**Work order**
Please print, exactly, only the lines in the entries below from the line that has "Stay stylish and" through the line that has "NHT-4(JB model)とディマジオ DP240(Vintage". Pictures don't go in.

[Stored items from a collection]
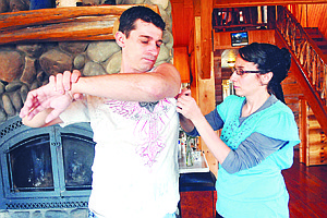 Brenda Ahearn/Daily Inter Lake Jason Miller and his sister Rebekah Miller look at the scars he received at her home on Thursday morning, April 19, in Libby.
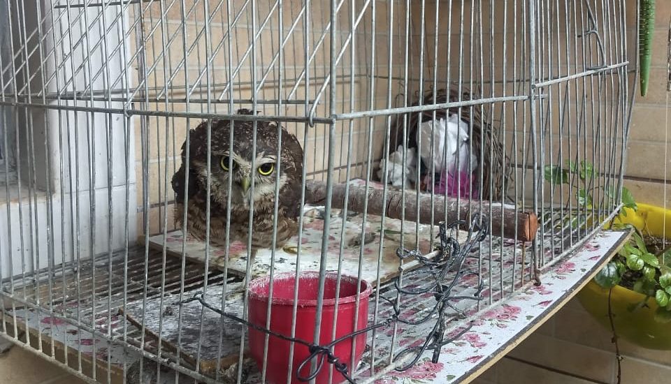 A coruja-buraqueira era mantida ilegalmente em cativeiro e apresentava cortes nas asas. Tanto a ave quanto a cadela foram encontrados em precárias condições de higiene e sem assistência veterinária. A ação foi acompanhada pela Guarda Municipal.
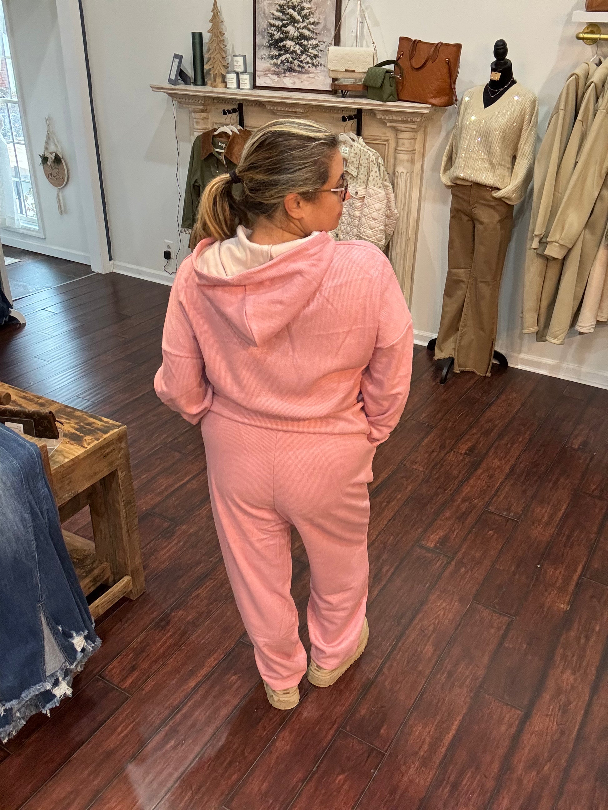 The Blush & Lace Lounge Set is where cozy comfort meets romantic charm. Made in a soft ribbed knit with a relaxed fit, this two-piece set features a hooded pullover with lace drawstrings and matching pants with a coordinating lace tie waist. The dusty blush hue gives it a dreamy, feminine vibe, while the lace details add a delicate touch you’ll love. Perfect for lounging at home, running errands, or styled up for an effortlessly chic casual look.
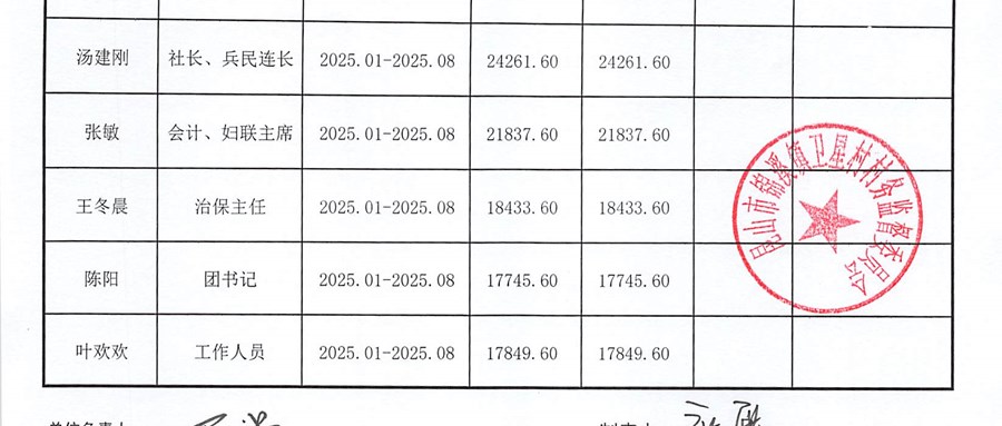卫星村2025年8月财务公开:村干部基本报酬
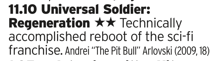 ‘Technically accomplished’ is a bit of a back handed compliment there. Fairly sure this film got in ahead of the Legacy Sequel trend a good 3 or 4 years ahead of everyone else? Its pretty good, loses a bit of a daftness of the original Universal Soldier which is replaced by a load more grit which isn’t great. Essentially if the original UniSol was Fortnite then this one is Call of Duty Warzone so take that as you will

---

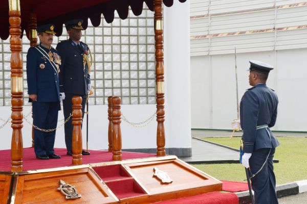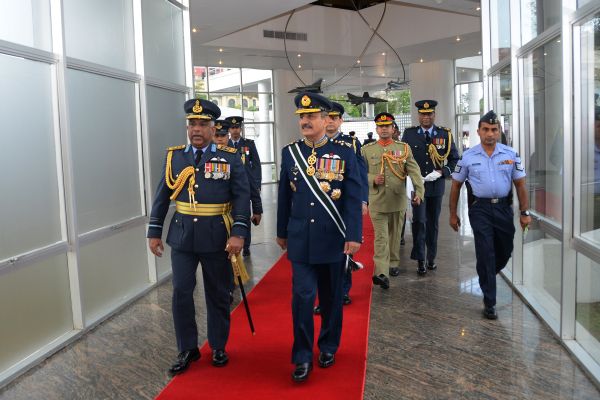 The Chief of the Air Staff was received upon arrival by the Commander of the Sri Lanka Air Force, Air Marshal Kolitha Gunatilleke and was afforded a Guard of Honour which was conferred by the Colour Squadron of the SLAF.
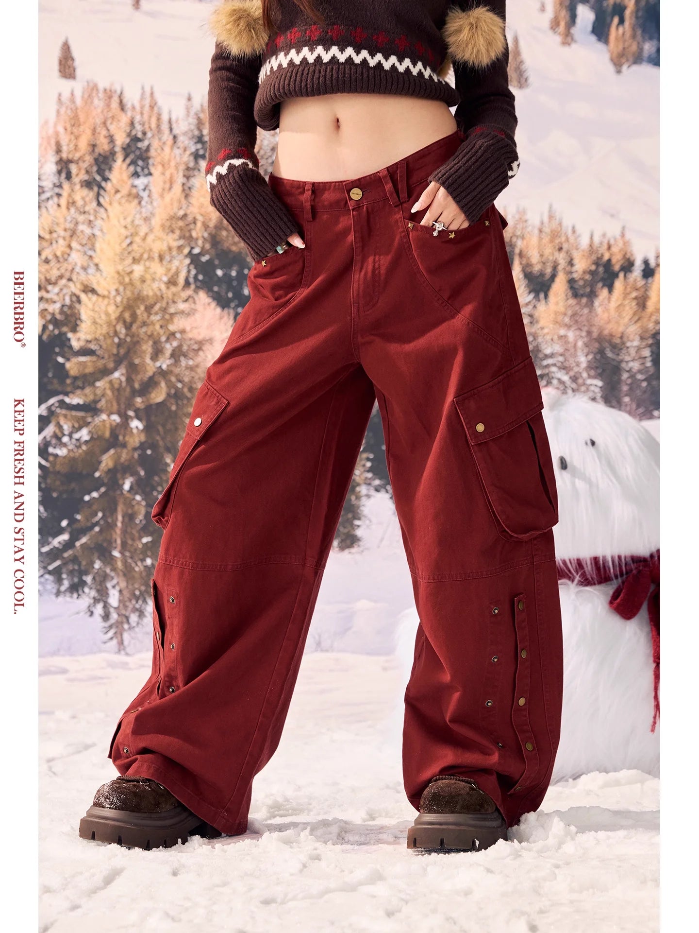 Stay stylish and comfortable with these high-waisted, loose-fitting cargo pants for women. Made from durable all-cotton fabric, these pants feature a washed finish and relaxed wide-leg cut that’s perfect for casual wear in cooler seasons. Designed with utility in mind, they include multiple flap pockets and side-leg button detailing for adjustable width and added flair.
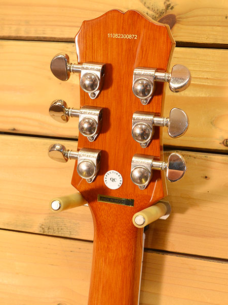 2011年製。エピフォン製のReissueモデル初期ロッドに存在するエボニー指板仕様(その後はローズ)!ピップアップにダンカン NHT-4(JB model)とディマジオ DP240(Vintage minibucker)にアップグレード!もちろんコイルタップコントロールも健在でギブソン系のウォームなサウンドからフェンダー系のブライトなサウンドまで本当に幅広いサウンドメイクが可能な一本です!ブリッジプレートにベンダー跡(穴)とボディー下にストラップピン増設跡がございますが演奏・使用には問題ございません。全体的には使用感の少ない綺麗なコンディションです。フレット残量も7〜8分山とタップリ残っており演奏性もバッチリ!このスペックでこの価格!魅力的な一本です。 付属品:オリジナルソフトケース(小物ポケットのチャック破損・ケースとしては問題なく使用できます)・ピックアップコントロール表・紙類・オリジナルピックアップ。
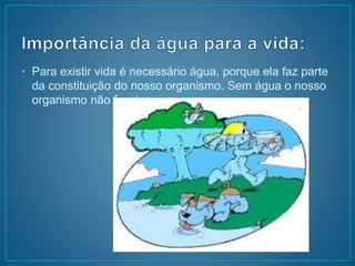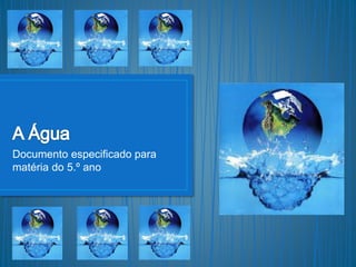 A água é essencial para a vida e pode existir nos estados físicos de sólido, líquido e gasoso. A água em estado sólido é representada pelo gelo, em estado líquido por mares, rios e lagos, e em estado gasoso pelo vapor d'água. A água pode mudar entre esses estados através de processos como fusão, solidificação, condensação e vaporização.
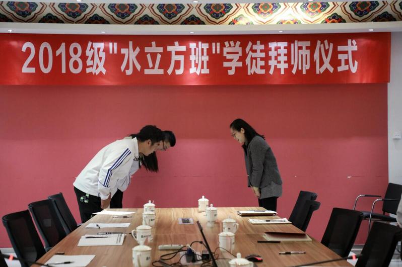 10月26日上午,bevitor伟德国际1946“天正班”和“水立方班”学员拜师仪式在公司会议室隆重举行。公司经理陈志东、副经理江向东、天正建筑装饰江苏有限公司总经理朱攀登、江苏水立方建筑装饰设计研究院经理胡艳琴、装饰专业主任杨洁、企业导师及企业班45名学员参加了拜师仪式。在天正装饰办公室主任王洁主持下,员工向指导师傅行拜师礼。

**Exercise solution**
 Stay stylish and comfortable with these high-waisted, loose-fitting cargo pants for women. Made from durable all-cotton fabric, these pants feature a washed finish and relaxed wide-leg cut that’s perfect for casual wear in cooler seasons. Designed with utility in mind, they include multiple flap pockets and side-leg button detailing for adjustable width and added flair.
 2011年製。エピフォン製のReissueモデル初期ロッドに存在するエボニー指板仕様(その後はローズ)!ピップアップにダンカン NHT-4(JB model)とディマジオ DP240(Vintage minibucker)にアップグレード!もちろんコイルタップコントロールも健在でギブソン系のウォームなサウンドからフェンダー系のブライトなサウンドまで本当に幅広いサウンドメイクが可能な一本です!ブリッジプレートにベンダー跡(穴)とボディー下にストラップピン増設跡がございますが演奏・使用には問題ございません。全体的には使用感の少ない綺麗なコンディションです。フレット残量も7〜8分山とタップリ残っており演奏性もバッチリ!このスペックでこの価格!魅力的な一本です。 付属品:オリジナルソフトケース(小物ポケットのチャック破損・ケースとしては問題なく使用できます)・ピックアップコントロール表・紙類・オリジナルピックアップ。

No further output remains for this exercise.